Read and write to files on disk and databases like PostGIS.

geoarrow.rust.core

ObjectStore

ObjectStore(root: str, options: Optional[Dict[str, str]] = None)

A generic object store interface for uniformly interacting with AWS S3, Google Cloud Storage, and Azure Blob Storage.

To create, pass a bucket path plus authentication options into the constructor. Currently, authentication credentials are not found automatically.

Examples:

Reading from a FlatGeobuf file from an S3 bucket.

from geoarrow.rust.core import ObjectStore, read_flatgeobuf

options = {
    "aws_access_key_id": "...",
    "aws_secret_access_key": "...",
    "aws_region": "..."
}
fs = ObjectStore('s3://bucket', options=options)
table = read_flatgeobuf("path/in/bucket.fgb", fs=fs)

read_csv builtin

read_csv(file: str | Path | BinaryIO, geometry_column_name: str, *, batch_size: int = 65536) -> GeoTable

Read a CSV file from a path on disk into a GeoTable.

Parameters:

• file (str | Path | BinaryIO) –

  the path to the file or a Python file object in binary read mode.

• geometry_column_name (str) –

  the name of the geometry column within the CSV.

• batch_size (int, default: 65536 ) –

  the number of rows to include in each internal batch of the table.

Returns:

• GeoTable –

  Table from CSV file.

read_flatgeobuf builtin

read_flatgeobuf(file: Union[str, Path, BinaryIO], *, fs: Optional[ObjectStore] = None, batch_size: int = 65536, bbox: Tuple[float, float, float, float] | None = None) -> GeoTable

Read a FlatGeobuf file from a path on disk or a remote location into a GeoTable.

Example:

Reading from a local path:

from geoarrow.rust.core import read_flatgeobuf
table = read_flatgeobuf("path/to/file.fgb")

Reading from a Python file object:

from geoarrow.rust.core import read_flatgeobuf

with open("path/to/file.fgb", "rb") as file:
    table = read_flatgeobuf(file)

Reading from an HTTP(S) url:

from geoarrow.rust.core import read_flatgeobuf

url = "http://flatgeobuf.org/test/data/UScounties.fgb"
table = read_flatgeobuf(url)

Reading from a remote file on an S3 bucket.

from geoarrow.rust.core import ObjectStore, read_flatgeobuf

options = {
    "aws_access_key_id": "...",
    "aws_secret_access_key": "...",
    "aws_region": "..."
}
fs = ObjectStore('s3://bucket', options=options)
table = read_flatgeobuf("path/in/bucket.fgb", fs=fs)

Parameters:

• file (Union[str, Path, BinaryIO]) –

  the path to the file or a Python file object in binary read mode.

Other Parameters:

• fs (Optional[ObjectStore]) –

  an ObjectStore instance for this url.

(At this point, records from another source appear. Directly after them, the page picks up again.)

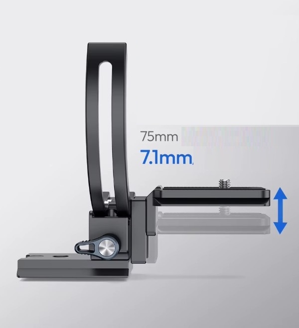 Ручка має можливість плавно регулювати висоту кріплення плитки до камери відносно тримача об'єктива. Налаштування рідка в діапазоні 7,1 мм, тому ми можемо відповідати положенню об'єктива та камери, щоб весь набір був стабільним і, ймовірно, фіксованим.
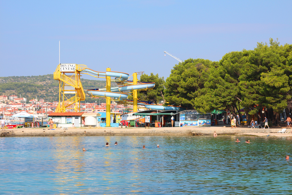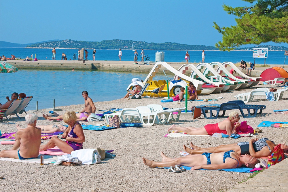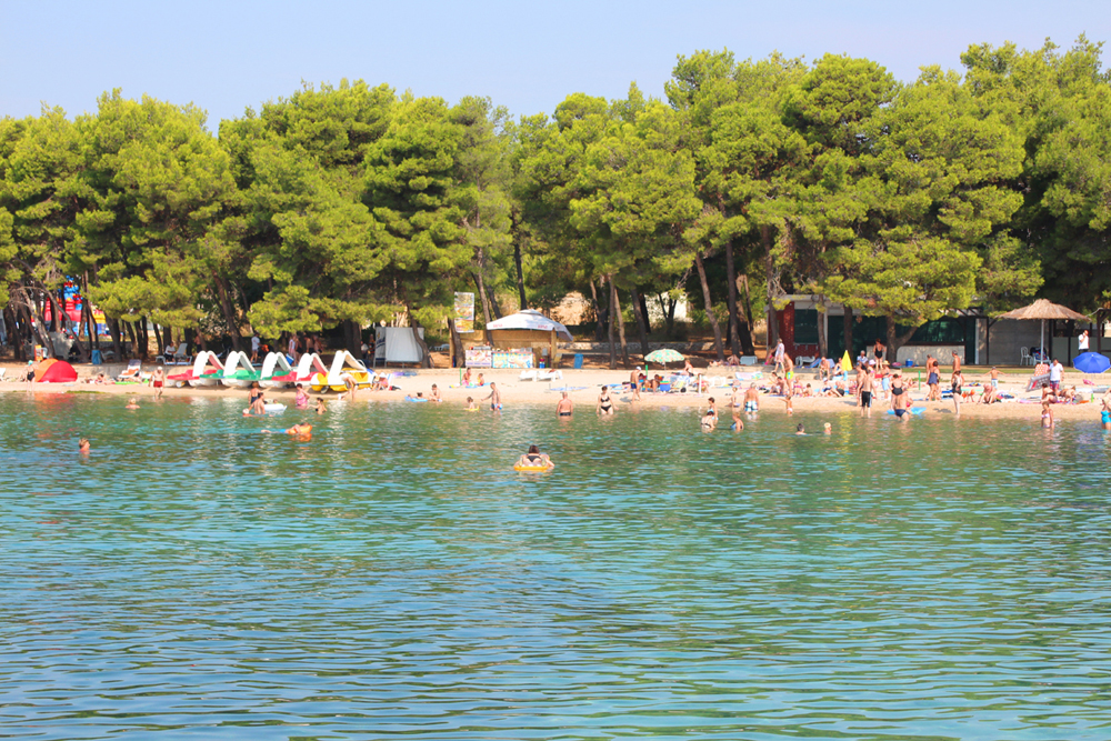 Plážkamienkovo-štrková pláž s pozvoľným vstupom do mora, betónové móla určené na opaľovanie a slnenie, sprchy (za poplatok), kabínky na prezliekanie, ležadlá a slnečníky (za poplatok),
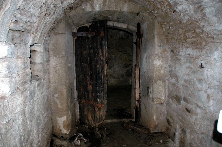 Vue du fort de Penfeld : porte à deux battants située entre la caponnière (est) et la galerie de contrescarpe (photographie prise depuis la caponnière)Immatriculation
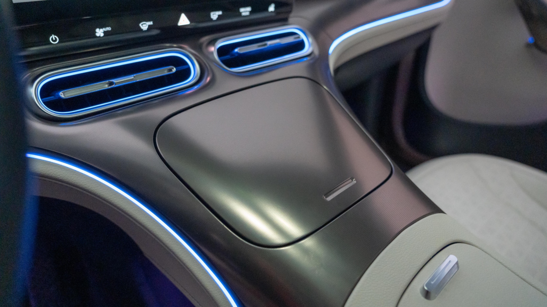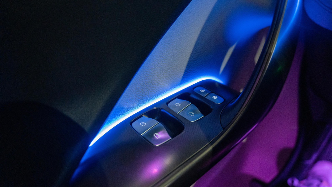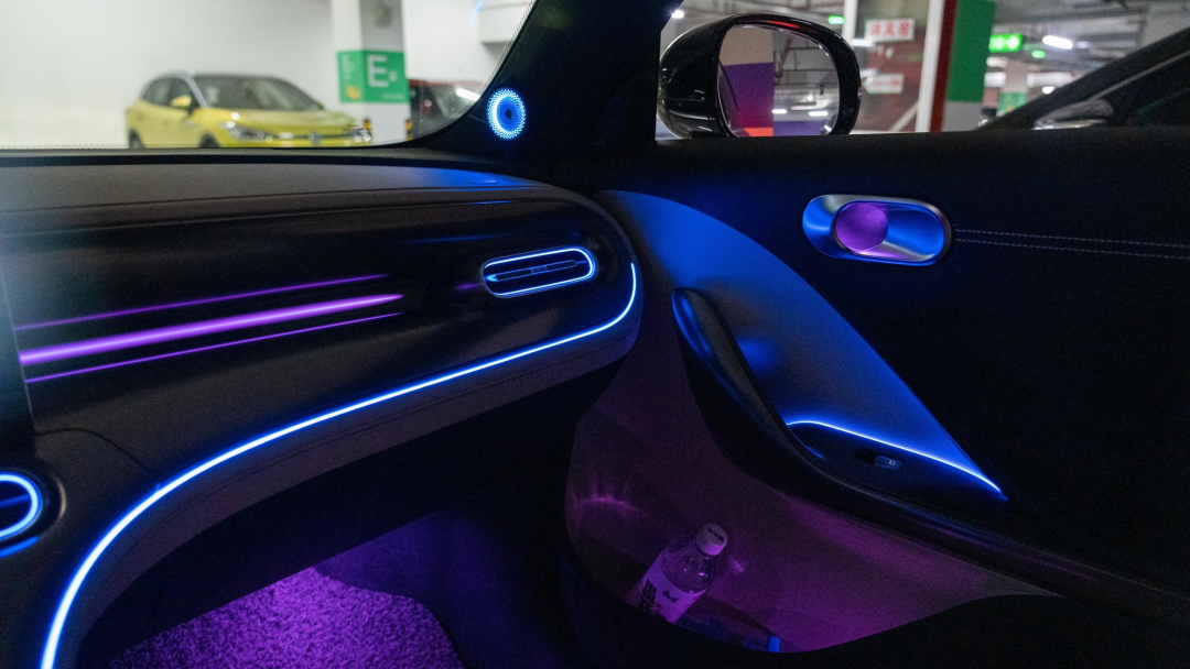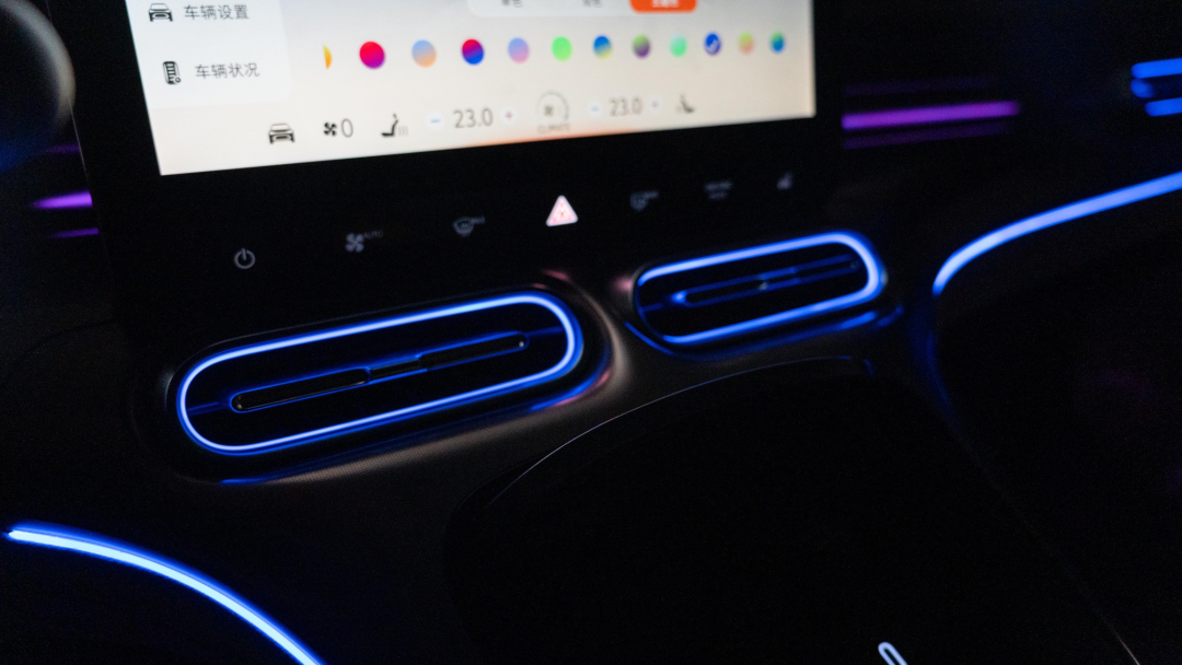 而进入车内,看着满车亮起的氛围灯,浓浓的奔驰味儿扑鼻而来。不管是不是夜店风,在我看来,甚至有一些 EQS 那味儿了。

This is required only if the file is at a remote location.

• batch_size (int) –

  the number of rows to include in each internal batch of the table.

• bbox (Tuple[float, float, float, float] | None) –

  A spatial filter for reading rows, of the format (minx, miny, maxx, maxy). If set to None, no spatial filtering will be performed.

Returns:

• GeoTable –

  Table from FlatGeobuf file.

read_flatgeobuf_async builtin

read_flatgeobuf_async(path: str, *, fs: Optional[ObjectStore] = None, batch_size: int = 65536, bbox: Tuple[float, float, float, float] | None = None) -> GeoTable

Read a FlatGeobuf file from a url into a GeoTable.

Example:

Reading from an HTTP(S) url:

from geoarrow.rust.core import read_flatgeobuf_async

url = "http://flatgeobuf.org/test/data/UScounties.fgb"
table = await read_flatgeobuf_async(url)

Reading from an S3 bucket:

from geoarrow.rust.core import ObjectStore, read_flatgeobuf_async

options = {
    "aws_access_key_id": "...",
    "aws_secret_access_key": "...",
    "aws_region": "..."
}
fs = ObjectStore('s3://bucket', options=options)
table = await read_flatgeobuf_async("path/in/bucket.fgb", fs=fs)

Parameters:

• path (str) –

  the url or relative path to a remote FlatGeobuf file. If an argument is passed for fs, this should be a path fragment relative to the root passed to the ObjectStore constructor.

Other Parameters:

• fs (Optional[ObjectStore]) –

  an ObjectStore instance for this url. This is required for non-HTTP urls.

• batch_size (int) –

  the number of rows to include in each internal batch of the table.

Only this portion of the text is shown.